This is not meant to be a "be all end all" but more of a guide for new members and maybe some senior members alike.
Constructive critique is appreciated as any input that furthers our voyage will make us all better harvesters.
In this instance I will share my Flow Chart that I use it to process my 18650 cells. Kudos to Daromer who as far as I know was the first one to publish his flow chart.
Other Chemistries and formats are going to be different so hence the title "18650 Harvesting Flow Charts"

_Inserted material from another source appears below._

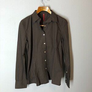 SameUnderneath, Chocolate brown, Size Large. NWOT. Beautiful button down with country western flair. Embroidery along the front and on the back. Long sleeve, pearl buttons with a pleated back. 100% organic cotton. This fabric is super soft. Shirt is in like new condition. No visible signs of wear or tear. See photos for measurements.

My chart assumes that you have a supply of 18650 battery packs and have a good understanding of what to expect the pack has for cells and what the likely mAh is of the cells that you will be harvesting.
For Example a 2.5Ah 14.4V pack will most likely have a 4s1p setup with 2500mAh cells
the same runs true for a 6Ah 11.1V pack will most likely be a 3s3p with 2000mAh cells
You should by now be able to tell if the packs are 3s2p or 4s4p and so on.
This chart also relies heavily on IR (the internal resistance of the cell as measured with a 1kHz AC 4 wire meter) as the initial pivot point.
Meters such as the YR1030, YR1035+, and RC3563 supply us with that measurement, are reliable and with my testing have been accurate.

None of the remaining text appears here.